Background information
- Also known as: Milke
- Origin: London, England
- Genres: Synth-pop
- Years active: 2009–2021
- Labels: Neon Gold; This Is Music; Mercury; Moda; 100%; Monstercat;
- Members: Andrew Armstrong; Ra Black;
- Website: www.monarchysound.com

= Monarchy (band) =

British-based Australian music duo

Monarchy were a British-based Australian electronic music duo consisting of Andrew Armstrong (also known as Andrew "Friendly" Kornweibel; producer, DJ) and Ra Black (also known as Ra Khahn; vocals, lyrics). Based in London, the duo was previously known as Milke. They have released four studio albums and two extended plays.

==History==
In November 2009, Monarchy was featured as "Band of the Day" on The Guardian website. Monarchy's debut single "Gold in the Fire" was released on 1 February 2010 on Neon Gold Records, containing the B-side "Black, the Colour of My Heart". They have created remixes for Ellie Goulding, Kelis, Lady Gaga, Marina and the Diamonds, Jamiroquai, Kylie Minogue, Orchestral Manoeuvres in the Dark and Fyfe Dangerfield.
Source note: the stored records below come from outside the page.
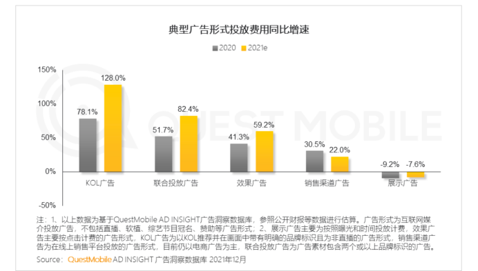根据QuestMobile《2021中国移动互联网年度大报告》,相较于传统展示广告在2021年的同比负增长,KOL(达人)广告形式在近年来大获认可,在2020年和2021年同比增长分别为78.1%和128%。
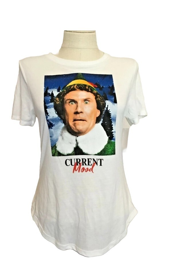 ELF CURRENT MOOD White Screen Print Short Sleeve Tee Shirt Juniors XS New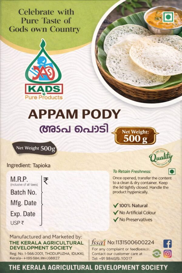 Authentic Appam Podi by KADS, made from carefully selected rice and finely processed to help you prepare soft, fluffy, and traditional Kerala-style appam with ease. Appam powder, enriched with quality greens, is available in 500 gram and 1 kilo packs.
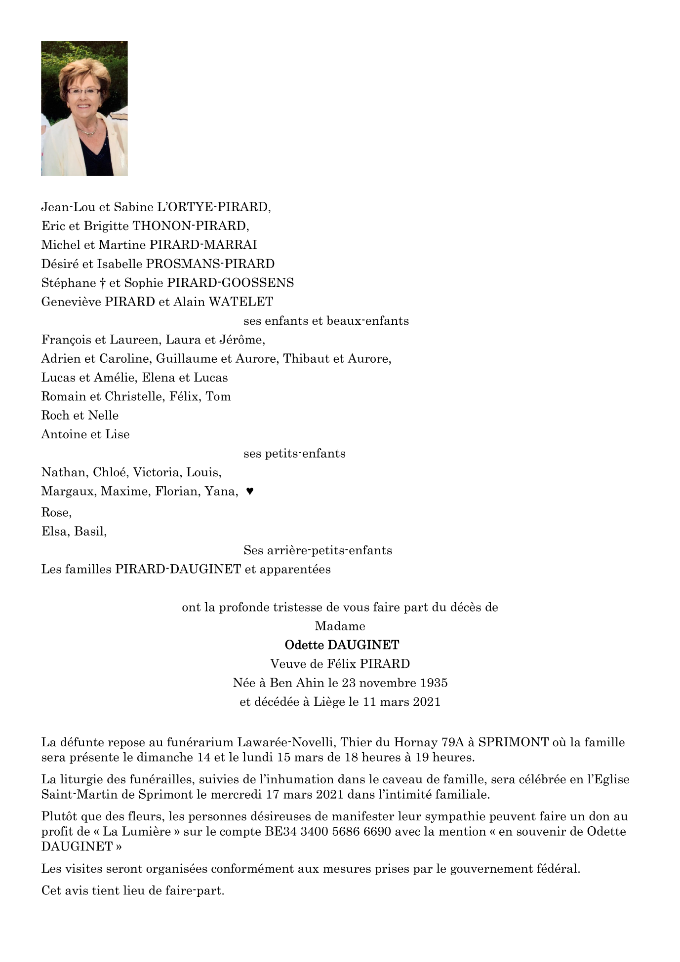 Décédée à Liège (4000) le jeudi 11 mars 2021 à l'âge de 85 ans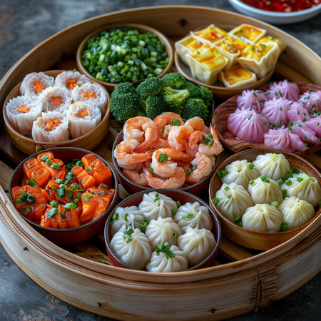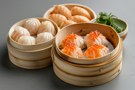 Generative AI Image of Variant Chinese Authentic Cuisine Dim Sum Dumpling Set on Bamboo Steamer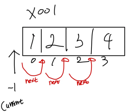 next() 메서드는 다음 요소를 반환하는데, 최초의 인덱스를 0으로 해놔야 다음 항목을 검색할 때, 0번 인덱스를 가르킬 수 있으니 -1로 최초 커서를 설정해두었다.
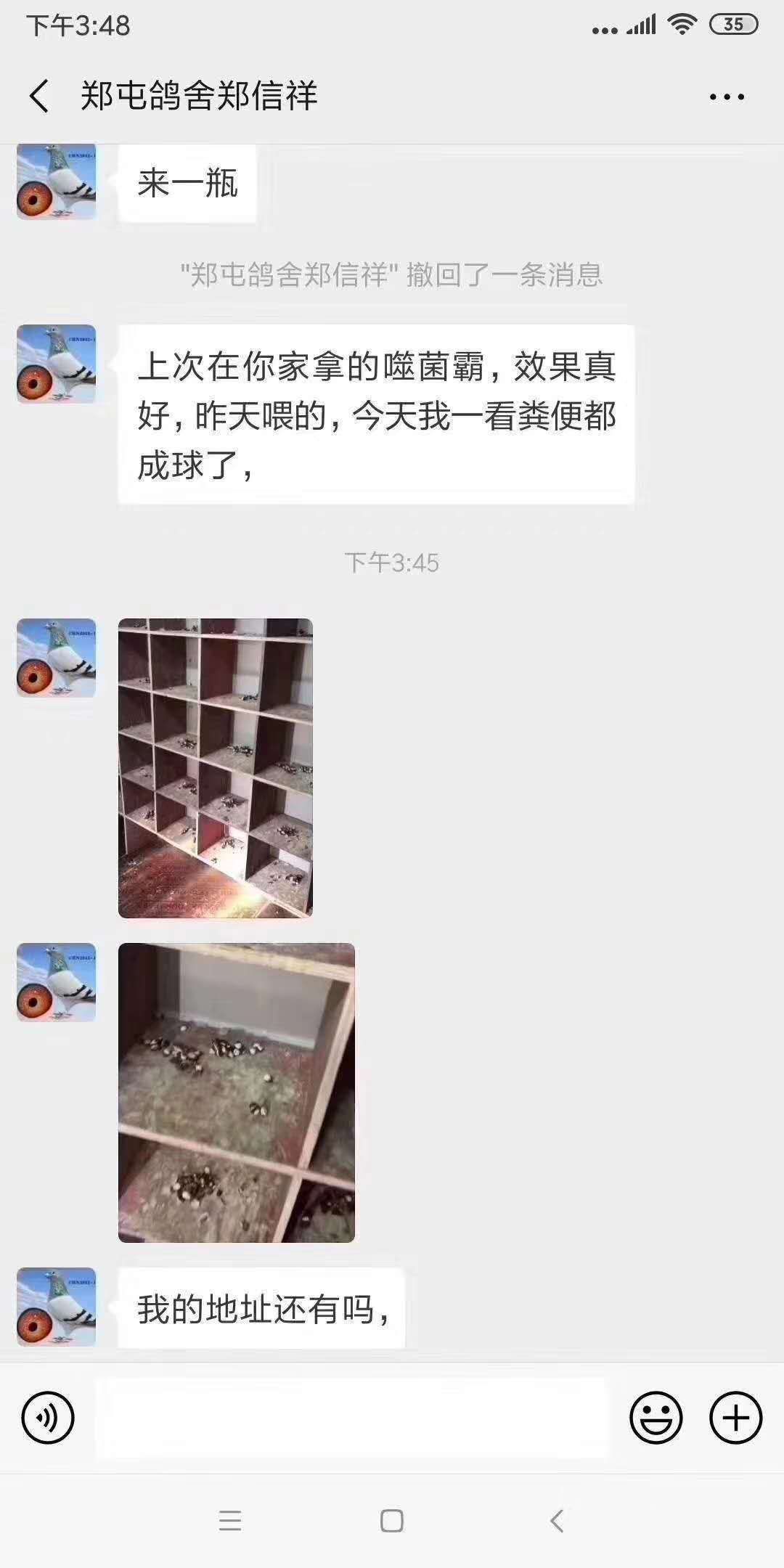 种鸽:配对期及孵化期至幼鸽出巢前,每天使用,鸽子粪便成型,胃肠功能好,幼鸽强壮。

Their first live show was broadcast into space from Cape Canaveral, Florida, in June 2010, making them the first band ever to perform live into space. They have since performed at various London and UK venues including XOYO and HMV Forum, and festivals including The Big Chill, Popaganda in Sweden, Bestival, Eurosonic Festival in the Netherlands, Midem in Cannes, as well as Paris, Dijon, Rouen, Amsterdam, and across Europe. In 2011 they performed at Coachella Valley Music and Arts Festival, Hay Festival and Melt! festival, amongst others. Monarchy played the Together Winter Music Festival in London at the Alexandra Palace on 26 November 2011.
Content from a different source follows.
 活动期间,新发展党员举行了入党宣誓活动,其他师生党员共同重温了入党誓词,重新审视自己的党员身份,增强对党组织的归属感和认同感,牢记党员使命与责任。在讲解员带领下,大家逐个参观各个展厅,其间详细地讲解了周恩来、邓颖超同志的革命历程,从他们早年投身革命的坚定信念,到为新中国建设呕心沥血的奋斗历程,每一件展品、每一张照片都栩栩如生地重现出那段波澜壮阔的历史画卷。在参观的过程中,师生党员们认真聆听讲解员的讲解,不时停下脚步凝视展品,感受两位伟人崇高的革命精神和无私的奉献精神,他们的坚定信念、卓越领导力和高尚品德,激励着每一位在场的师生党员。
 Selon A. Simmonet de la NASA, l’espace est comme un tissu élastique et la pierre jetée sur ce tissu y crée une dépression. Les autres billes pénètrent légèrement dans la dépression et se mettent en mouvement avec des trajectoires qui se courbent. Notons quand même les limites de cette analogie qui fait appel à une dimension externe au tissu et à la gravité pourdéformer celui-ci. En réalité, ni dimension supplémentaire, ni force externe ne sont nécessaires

After signing to Mercury Records in February 2010, Monarchy was set to release their self-titled debut album that August. However, the duo were dropped by Mercury a few months later, and the album's release was cancelled. Their debut album was ultimately released on 11 July 2011 by independent label 100% Records under a new title, Around the Sun, with a slightly different track listing. The Guardian gave the album three out of five stars and stated that "[t]he lyrics are often arrant nonsense [...] but there are many pleasures here." NME rated the album five out of 10, comparing Monarchy to Hurts, The Sound of Arrows and Steps. Popjustice placed Around the Sun at number fourteen on its list of the best albums of 2011. Their song "The Phoenix Alive" was featured in EA Sports game, FIFA 12 with remix of Kris Menace.
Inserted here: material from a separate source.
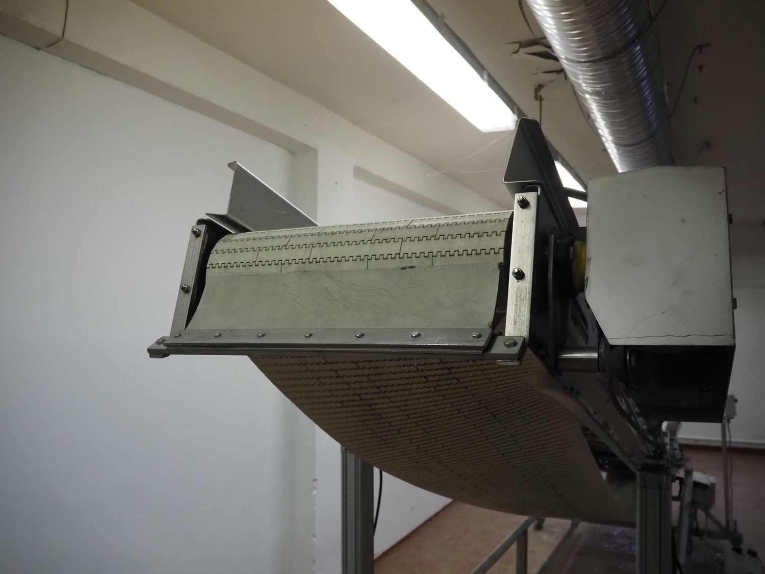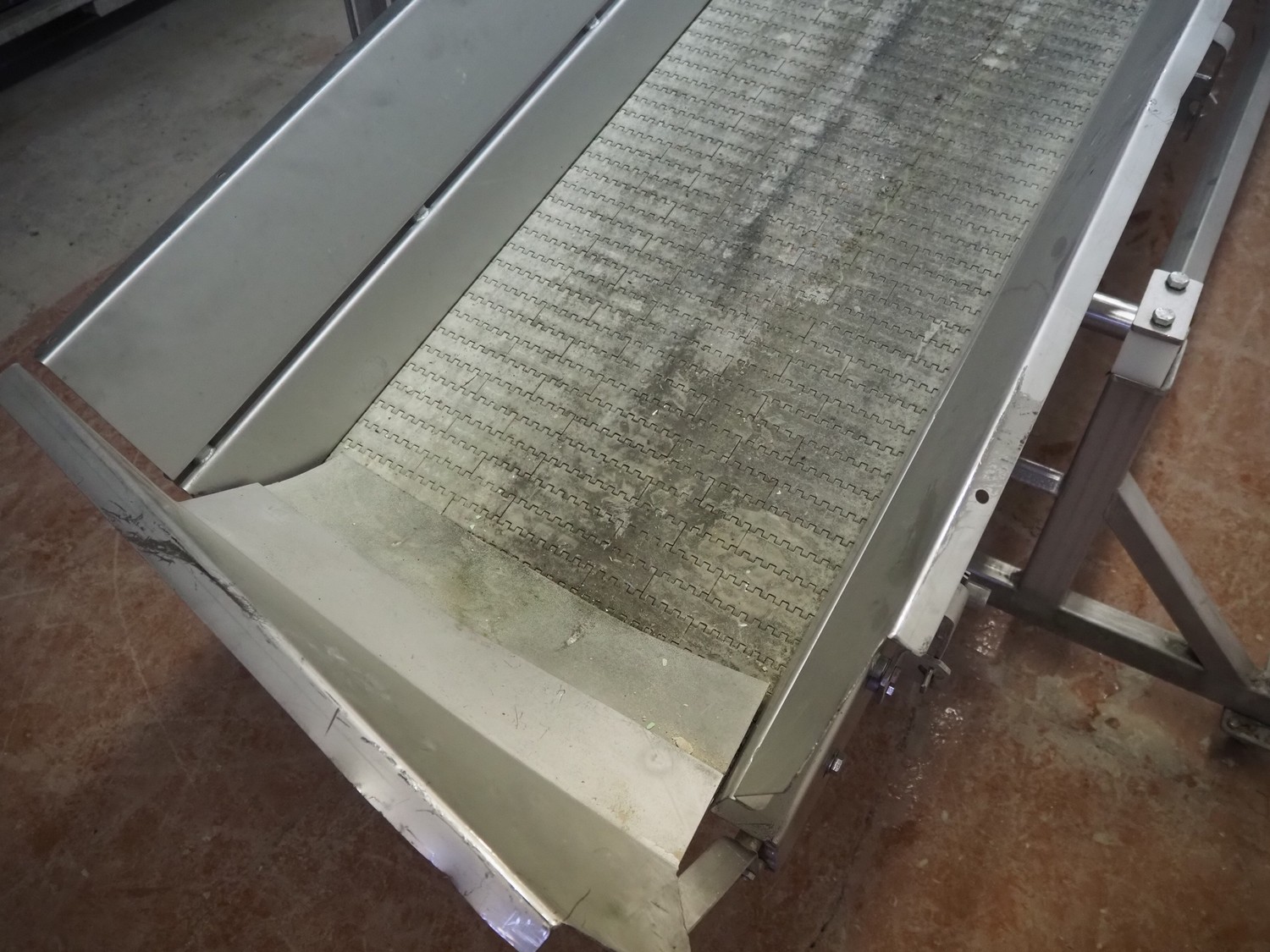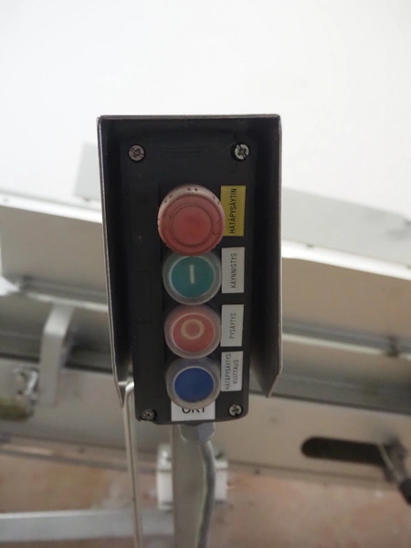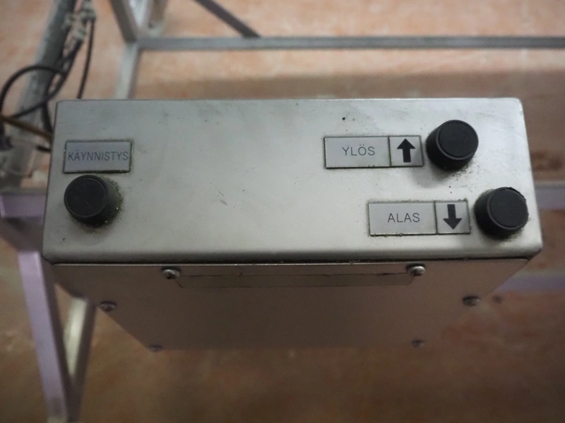 Antti Lindfors OY mobile elevating belt, type: Lamellik, number: 53408, year of construction: 2010, 0.55 kW, 200 kg, s/s frame, plastic belt, belt width: 510 mm, elevating height: 1950 mm, total dimensions: 5300 mm x 1600 mm x 2000 mm.

Monarchy's single "Disintegration" was released digitally on 14 January 2013 and features Neo-Burlesque performer Dita Von Teese, who also appears on the track's accompanying music video. The duo released the single "Living Without You" on 28 April 2014. Their extended play Almost Human, was officially released on 8 September 2014, after premiering exclusively on Vibes website on 15 August. Monarchy's second studio album, Abnocto, was released on 6 March 2015 by Hacan Sounds. It was preceded by the single "Dancing in the Corner" on 19 January 2015.

On 27 April 2015, Armstrong announced the split of Monarchy. On 1 June, he announced that the duo had reconciled and would continue touring and creating new music.

Monarchy collaborated with electronic artist Karma Fields on the track "Faint Echoes", taken from the album New Age | Dark Age, released on 2 March 2016.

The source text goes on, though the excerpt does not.